Now I don’t want to get away from the official MakerBot way of doing things yet, I’m not that confident. The easiest way to speed up Skeinforge would be to speed up Python. People used to recommend Psycho, but it is no longer updated and doesn’t run in 64-bit mode (like Python does on my Mac). I finally got around to playing with PyPy, which grew out of Psyscho, to see just how much of a difference it made. I’d seen references to other people doing this, so I knew all the libraries had to be there.

Installing PyPy & TkInter

Installing PyPy was as easy as downloading a pre-built binary distribution and unzipping it. The problem is that to use PyPy with Skeinforge (and therefor ReplicatorG), you need to have TkInter installed. I found a great set of steps to follow in a PyPy blog entry about using the IDLE IDE. The only problem was the TkInter package for PyPy is looking for Tk8.4, but OS X Lion has 8.5. Luckily since it’s a point release I figured I could just swap them out and it worked out fine. I updated the files in the tkinter-pypy install file and it worked fine (updated zip for download). Making ReplicatorG use PyPy is as easy as selecting it in the preferences window.

Benchmarking

So I ran some benchmarks by running a couple of models through with both CPython and PyPy with my normal profile, no support:

Model CPython PyPy Speed
20mm calibration cube 19s 13s 1.46x
Vica illusion sculpture 5m 36s 1m 48s 3.11x
V8 cam shafts 6m 37s 1m 18s 5.09x
Tank! 2h 45m 29s 38m 45s 4.27x

As you can see, PyPy can be dramatically faster. I chose the Tank! model (which unmodified is about 4x the max print area on my ToM) to see just how big the difference would be on very complex models. Getting a 4x speedup is a great result, but there is just one minor problem: the gcode is different. Generating gcode should be deterministic. Given the same profile, the same model, and the same version of Skeinforge you should always get the same output.

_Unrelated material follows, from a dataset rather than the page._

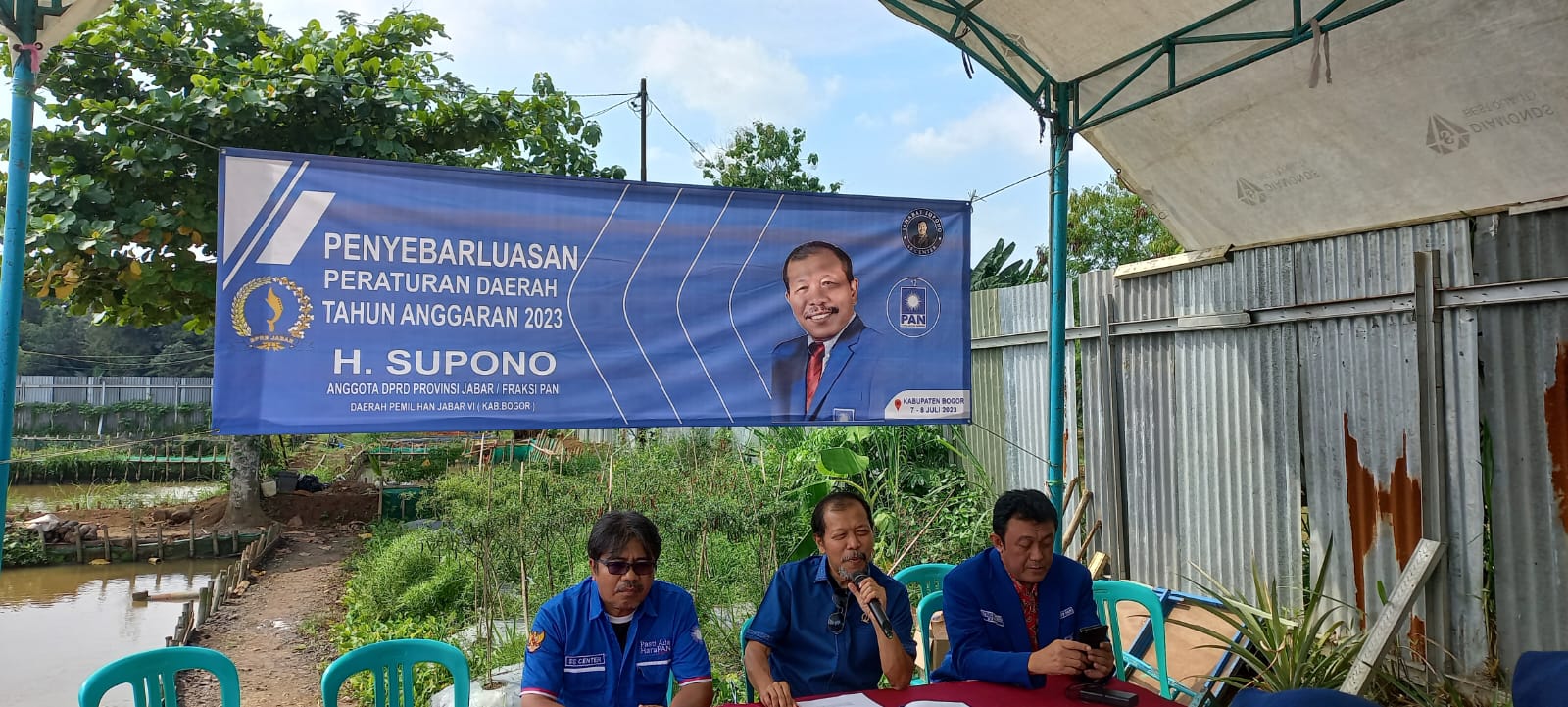 Bogor, Cekberita.net – Anggota Dewan Perwakilan Rakyat Daerah (DPRD) Jawa Barat fraksi Partai Amanat Nasional (PAN) H. Supono menggelar sosialisasi Peraturan daerah (Perda) nomor 15 tahun 2017 tentang pengembangan ekonomi kreatif di Sempung fish center, jalan Haji Mawi, Kecamatan Parung, Kabupaten Bogor, Sabtu (08/07/2023).

In the case of the 20mm calibration cube, the gcode is identical. But for every other model, it’s different. The F parameters on the move commands are different, and sometimes the points seem different. I haven’t looked at it too hard yet. It seems like it might be due to floating point differences, but PyPy is supposed to be a drop in replacement for most Python programs so I doubt this should be happening.

I’m going to have to look into it further.